Our cash reserves are not sufficient to meet our obligations for the next 12-month period.  As a result, we will need to seek additional funding in order to pursue our business plan and restart our production.  We currently do not have a specific plan of how we will obtain such funding; however, we anticipate that additional funding will be in the form of short-term loans or in the form of equity financing from the sale of our common stock or preferred stock on a best efforts basis.  We do not have any arrangements in place for either of these financing options. On July 11, 2012 pursuant to a vote of the majority of the shareholders of the Company we effected several changes to our authorized capital which includes par value. Par value for our common stock decreased from $0.00125 to $0.001 per share. Our authorized capital increased from 20,000,000 to 100,000,000 for our common stock and 2,000,000 to 10,000,000 for our preferred stock.

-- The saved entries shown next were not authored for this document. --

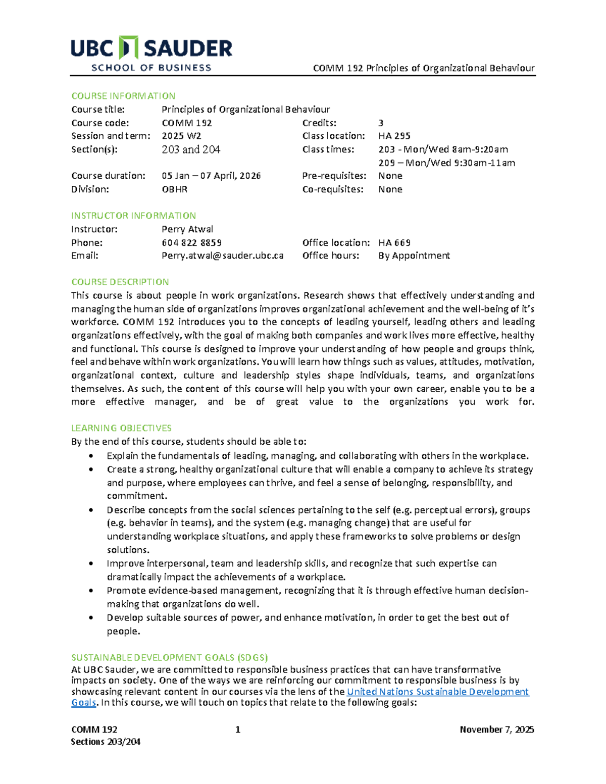 COMM 192 Principles of Organizational Behaviour Syllabus 2026 - Studocu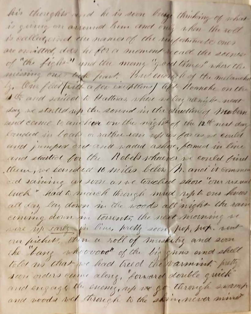 But enough of the melancholy. Our fleet (with a few exceptions) left Roanoke on the 11th and sailed to Hatteras where they lay all night. Next day we started up the sound in the direction of Newbern and came to anchor on the night of the 12th. Next day landed in boats, or rather ran up as far as we could and jumped out and waded ashore, formed in line and started for the Rebels wherever we could find them. We landed 16 miles below Newbern and it commenced raining as soon as we touched shore—“our usual luck.” Had to march through mud up to our knees all day, lay down in the woods all night, the rain coming down in torrents. 1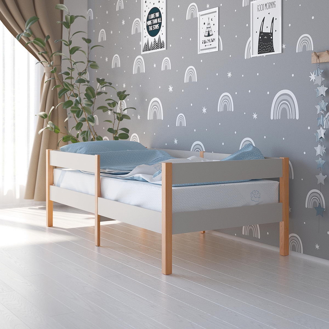Это очень надежная и удобная кроватка для детей от 3 лет. Она разработана в современном скандинавском стиле из экологически чистых материалов и отлично подходит как для мальчиков, так и для девочек. Бортики выполнены из безопасного и практичного ЛДСП. Ножки кровати – из высококачественного дерева – массива сосны, покрытой полимерной краской. В отличие от дешевых красок на водной основе, полимерные покрытия, используемые в данной кровати, более безопасные, практичные и придают деталям более глубокий, насыщенный цвет. Дно кровати выполнено из гнутых березовых латофлексов, скрепленных лентой для удобства монтажа, обеспечивающих ортопедическую упругость и выдерживают впечатляющую распределенную нагрузку до 100 кг (при использовании матраса). Передний бортик кровати можно установить на правую и левую сторону, что позволяет поставить её в интерьере так, как будет удобно вам и вашему ребенку.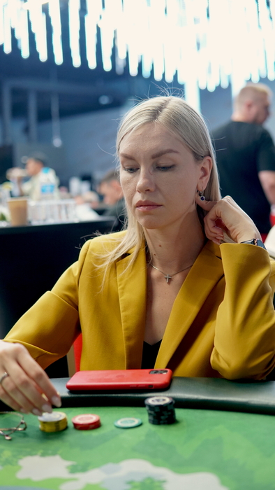 Илья Баранников с ранней позиции рэйзит 80К, все пас, Федорова Тамара(СО) пушит 486К. SB и BB пас. Илья Заранее извиняется и колирует ставку Тамары.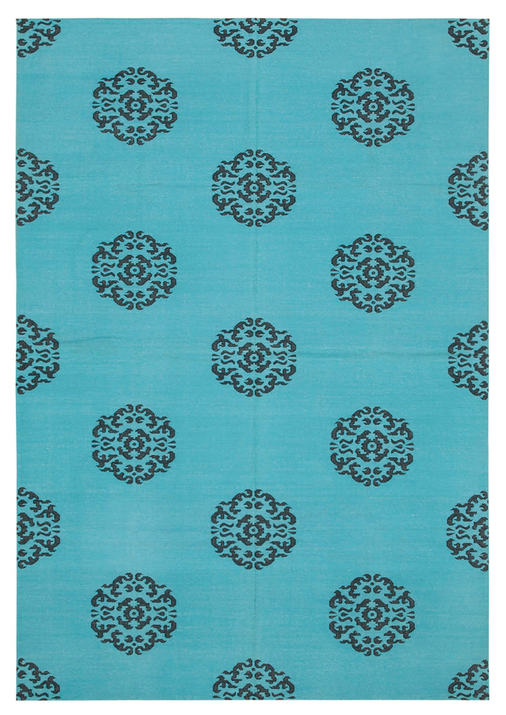 The rug features a captivating design with a vibrant turquoise background adorned with intricate black patterns. The harmonious blend of colors creates a striking visual contrast, making it a focal point in any setting. The weft and warp are meticulously crafted from cotton and wool, ensuring durability and longevity. The rug's design is both timeless and versatile, allowing it to complement a variety of interior styles, from modern to traditional. Its medium thickness adds a layer of comfort, making it ideal for high-traffic areas or cozy corners.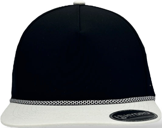 5 Panel Hydro Cap: Black/White Bill with Black/White Rope Snapback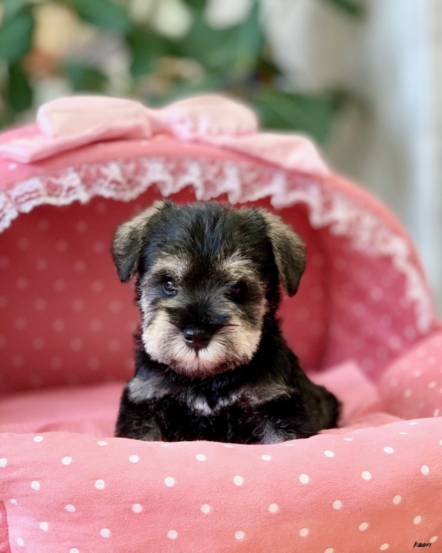シュナウザーを主力にされているブリーダーさんだと認識しており、ボスちゃんはどうかなあと正直不安でしたがとても可愛く健康的なボスちゃんをいただきました。 掲載されていた写真より実物は想像以上に可愛くて即決し見学させていただいたその日に連れて帰りました。連絡をして、翌日行きますぅって勝手な申し出にも関わらず敏速かつ親切に対応して頂き大満足です。契約に対しても一つ一つ丁寧に説明してくださり、わかりやすかったです。この度は可愛いボスちゃんとのご縁をいただき、本当に有り難うございました。 (大阪府 女性)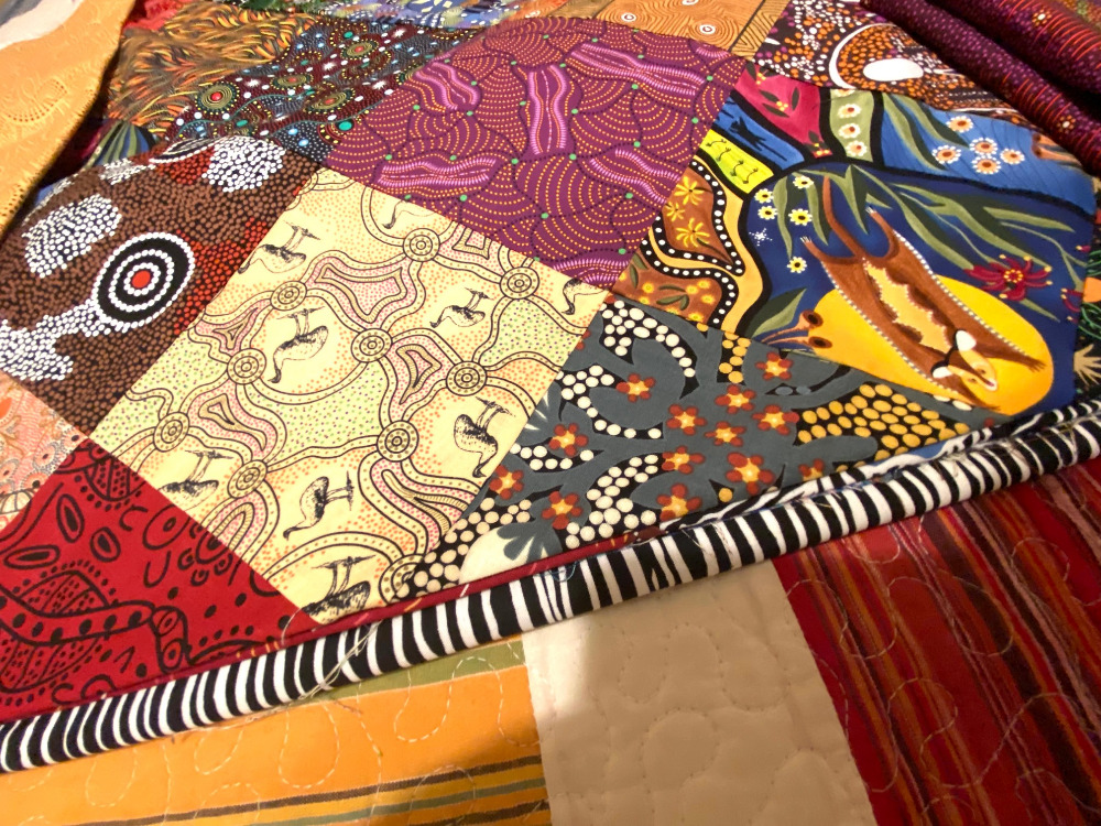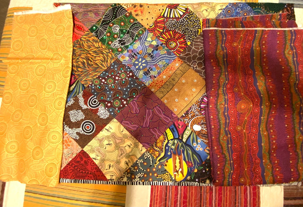 The bad news is that we’re getting a little stir crazy just hanging around in my back yard. We did go for a walk this morning after breakfast. Then I had a call I needed to sit in on. After that we hightailed it to a local fabric store to shop for some binding for one of the many (five, I think) quilts and quilt backs she brought with her to drop off with my long arm quilter. She just needed to figure out a binding for this Australian Aboriginal fabric quilt. She had brought that pale yellow fabric on the left, but I thought it was really blah. The fabric on the right is the backing.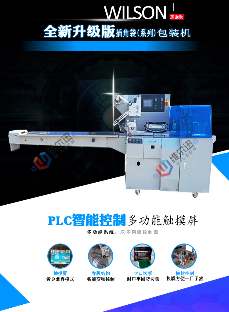 9、該機包裝機能制多種袋型,如:平面袋(背封、三角封、四邊封)、手提袋、沖孔袋;

We do not anticipate the need to purchase any equipment in the near future.

We do not anticipate the need to hire any employees prior to the completion of the planned merger with RegalWorks Media Inc..  We believe that our operations are currently on a scale and size that are manageable by one individual, our Chief Executive Officer, Mr. Knapp.
 
 
Item 3.  Quantitative and Qualitative Disclosure About Market Risk.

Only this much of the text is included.